_Task statement_:
All of the data below must be reproduced word for word, but without its images.

Records to use START

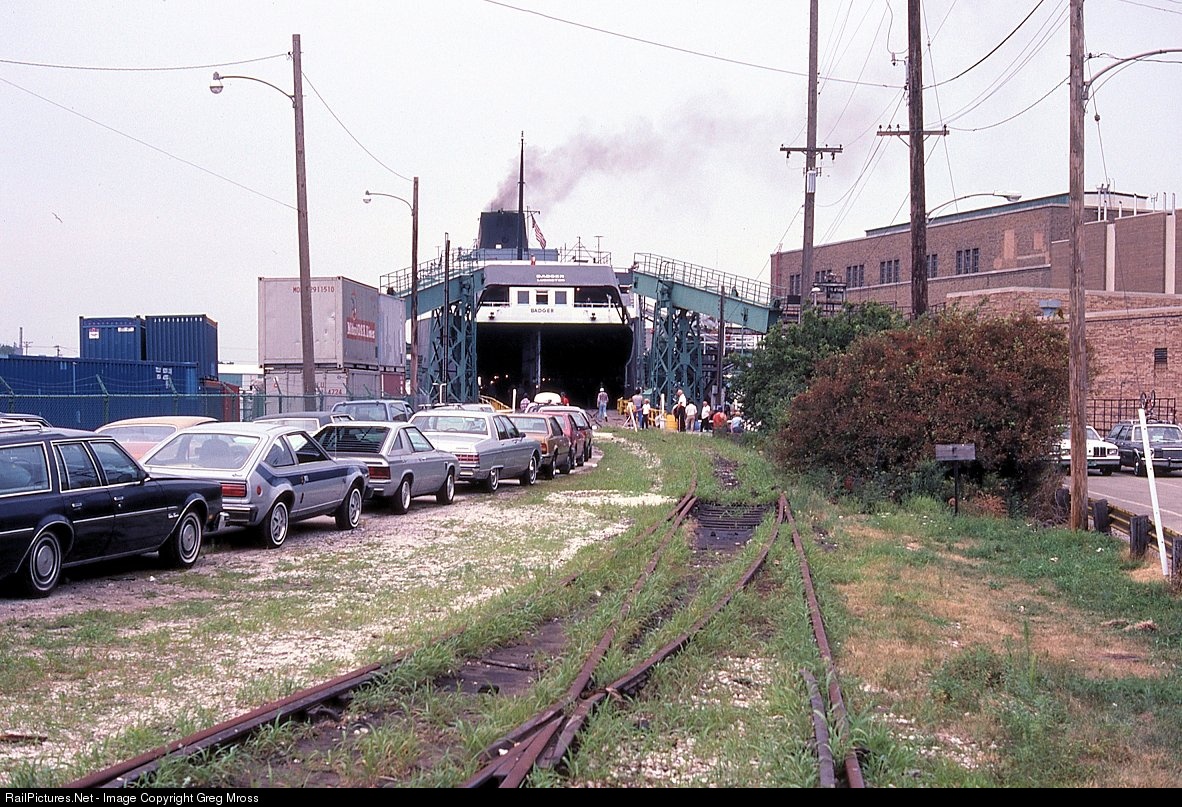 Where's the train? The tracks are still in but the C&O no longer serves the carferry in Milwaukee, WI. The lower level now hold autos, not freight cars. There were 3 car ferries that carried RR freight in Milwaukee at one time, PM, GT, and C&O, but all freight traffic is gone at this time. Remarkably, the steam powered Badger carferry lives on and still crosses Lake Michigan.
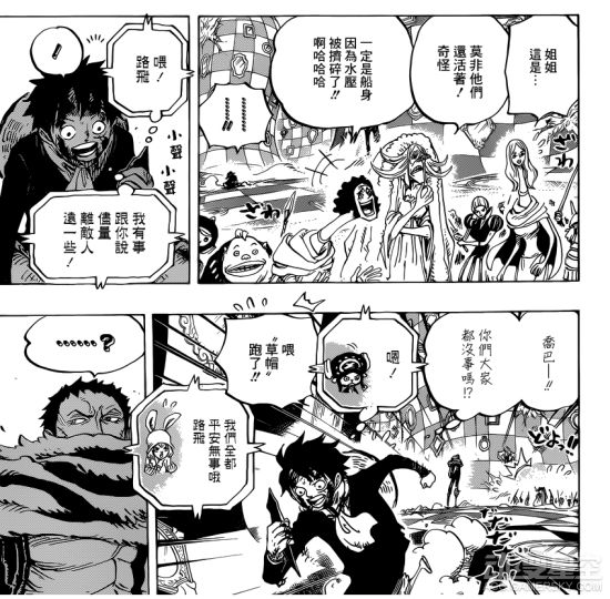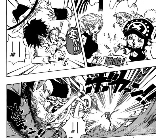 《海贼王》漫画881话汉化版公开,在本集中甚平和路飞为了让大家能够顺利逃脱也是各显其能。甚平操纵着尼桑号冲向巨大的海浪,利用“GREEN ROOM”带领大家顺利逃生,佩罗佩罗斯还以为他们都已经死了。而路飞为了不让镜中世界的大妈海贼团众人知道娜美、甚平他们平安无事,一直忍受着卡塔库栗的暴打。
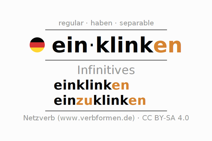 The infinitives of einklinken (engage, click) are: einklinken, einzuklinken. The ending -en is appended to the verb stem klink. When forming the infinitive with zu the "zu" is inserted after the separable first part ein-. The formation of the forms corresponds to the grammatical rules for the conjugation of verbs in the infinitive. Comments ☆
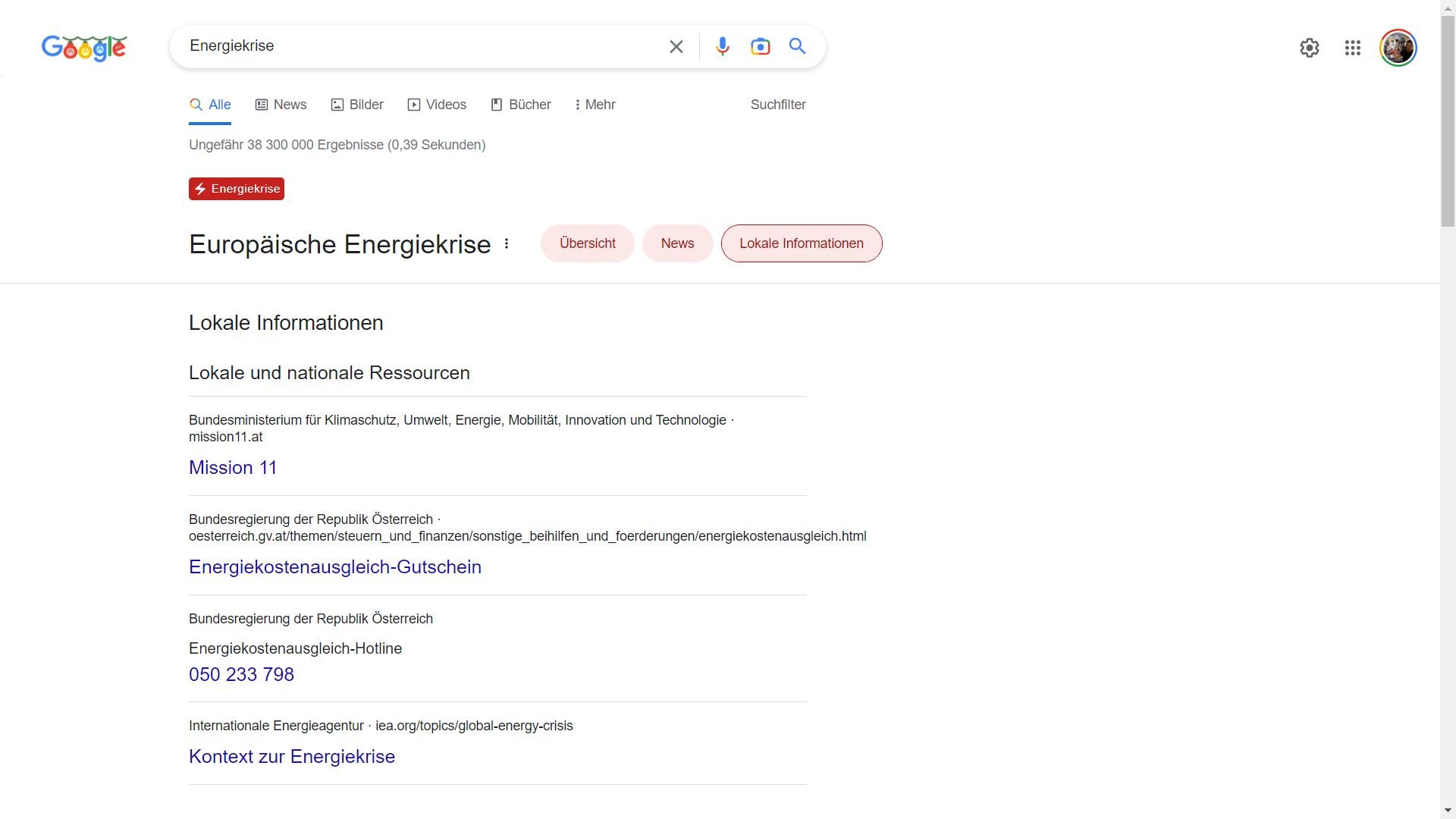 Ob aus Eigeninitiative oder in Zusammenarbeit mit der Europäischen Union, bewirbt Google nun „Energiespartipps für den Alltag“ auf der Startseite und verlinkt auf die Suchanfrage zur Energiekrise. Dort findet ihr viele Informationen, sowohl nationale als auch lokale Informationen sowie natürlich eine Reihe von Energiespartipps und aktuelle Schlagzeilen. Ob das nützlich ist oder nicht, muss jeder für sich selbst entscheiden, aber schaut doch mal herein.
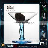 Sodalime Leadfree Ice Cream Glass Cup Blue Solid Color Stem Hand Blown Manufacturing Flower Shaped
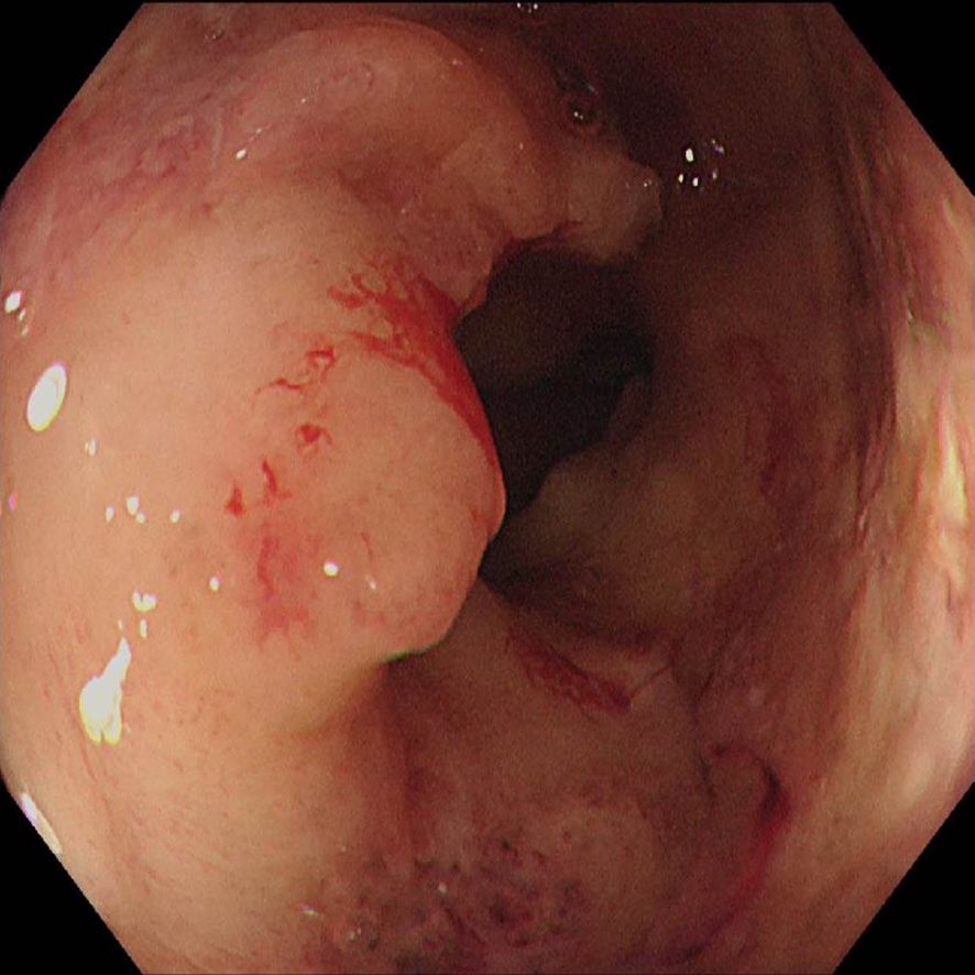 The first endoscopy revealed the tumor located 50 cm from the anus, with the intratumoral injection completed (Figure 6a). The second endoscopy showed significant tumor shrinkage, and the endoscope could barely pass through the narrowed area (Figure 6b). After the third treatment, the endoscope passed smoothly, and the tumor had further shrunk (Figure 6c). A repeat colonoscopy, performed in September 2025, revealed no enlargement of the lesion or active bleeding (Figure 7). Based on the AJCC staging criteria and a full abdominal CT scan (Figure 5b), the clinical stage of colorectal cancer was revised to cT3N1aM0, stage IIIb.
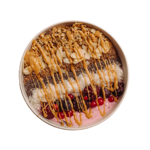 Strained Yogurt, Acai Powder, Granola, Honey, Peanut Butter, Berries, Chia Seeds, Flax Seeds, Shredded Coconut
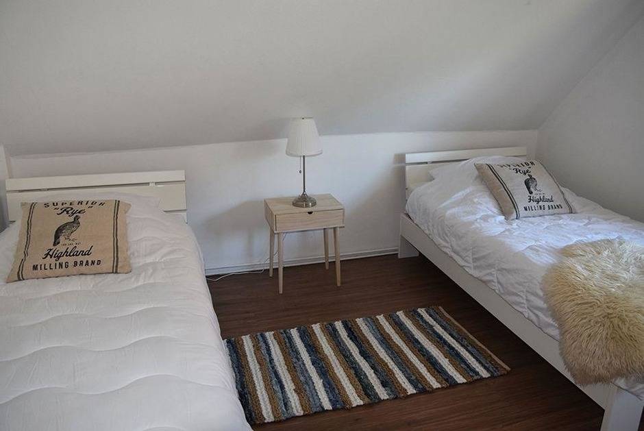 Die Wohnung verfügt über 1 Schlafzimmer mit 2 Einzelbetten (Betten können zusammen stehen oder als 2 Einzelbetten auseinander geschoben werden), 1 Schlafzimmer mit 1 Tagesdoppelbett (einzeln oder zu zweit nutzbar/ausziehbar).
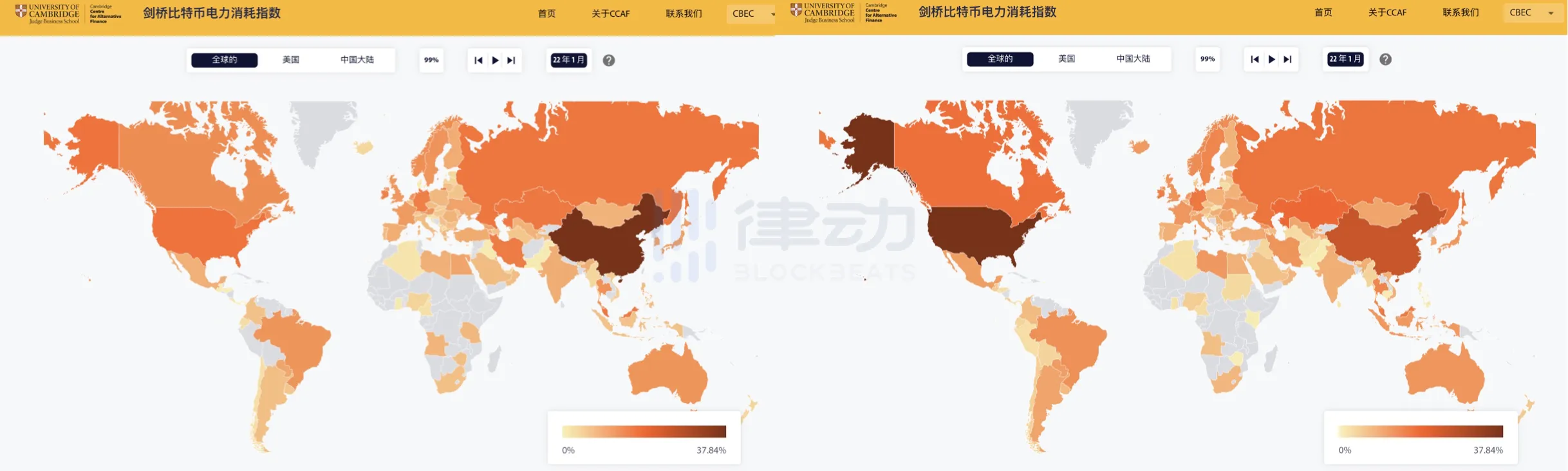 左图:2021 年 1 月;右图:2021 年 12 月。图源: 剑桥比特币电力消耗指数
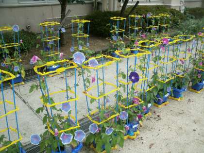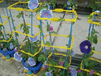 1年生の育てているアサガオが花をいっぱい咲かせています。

Records to use END

_Answer below_:
 Where's the train? The tracks are still in but the C&O no longer serves the carferry in Milwaukee, WI. The lower level now hold autos, not freight cars. There were 3 car ferries that carried RR freight in Milwaukee at one time, PM, GT, and C&O, but all freight traffic is gone at this time. Remarkably, the steam powered Badger carferry lives on and still crosses Lake Michigan.
 《海贼王》漫画881话汉化版公开,在本集中甚平和路飞为了让大家能够顺利逃脱也是各显其能。甚平操纵着尼桑号冲向巨大的海浪,利用“GREEN ROOM”带领大家顺利逃生,佩罗佩罗斯还以为他们都已经死了。而路飞为了不让镜中世界的大妈海贼团众人知道娜美、甚平他们平安无事,一直忍受着卡塔库栗的暴打。
 The infinitives of einklinken (engage, click) are: einklinken, einzuklinken. The ending -en is appended to the verb stem klink. When forming the infinitive with zu the "zu" is inserted after the separable first part ein-. The formation of the forms corresponds to the grammatical rules for the conjugation of verbs in the infinitive. Comments ☆
 Ob aus Eigeninitiative oder in Zusammenarbeit mit der Europäischen Union, bewirbt Google nun „Energiespartipps für den Alltag“ auf der Startseite und verlinkt auf die Suchanfrage zur Energiekrise. Dort findet ihr viele Informationen, sowohl nationale als auch lokale Informationen sowie natürlich eine Reihe von Energiespartipps und aktuelle Schlagzeilen. Ob das nützlich ist oder nicht, muss jeder für sich selbst entscheiden, aber schaut doch mal herein.
 Sodalime Leadfree Ice Cream Glass Cup Blue Solid Color Stem Hand Blown Manufacturing Flower Shaped
 The first endoscopy revealed the tumor located 50 cm from the anus, with the intratumoral injection completed (Figure 6a). The second endoscopy showed significant tumor shrinkage, and the endoscope could barely pass through the narrowed area (Figure 6b). After the third treatment, the endoscope passed smoothly, and the tumor had further shrunk (Figure 6c). A repeat colonoscopy, performed in September 2025, revealed no enlargement of the lesion or active bleeding (Figure 7). Based on the AJCC staging criteria and a full abdominal CT scan (Figure 5b), the clinical stage of colorectal cancer was revised to cT3N1aM0, stage IIIb.
 Strained Yogurt, Acai Powder, Granola, Honey, Peanut Butter, Berries, Chia Seeds, Flax Seeds, Shredded Coconut
 Die Wohnung verfügt über 1 Schlafzimmer mit 2 Einzelbetten (Betten können zusammen stehen oder als 2 Einzelbetten auseinander geschoben werden), 1 Schlafzimmer mit 1 Tagesdoppelbett (einzeln oder zu zweit nutzbar/ausziehbar).
 左图:2021 年 1 月;右图:2021 年 12 月。图源: 剑桥比特币电力消耗指数
 1年生の育てているアサガオが花をいっぱい咲かせています。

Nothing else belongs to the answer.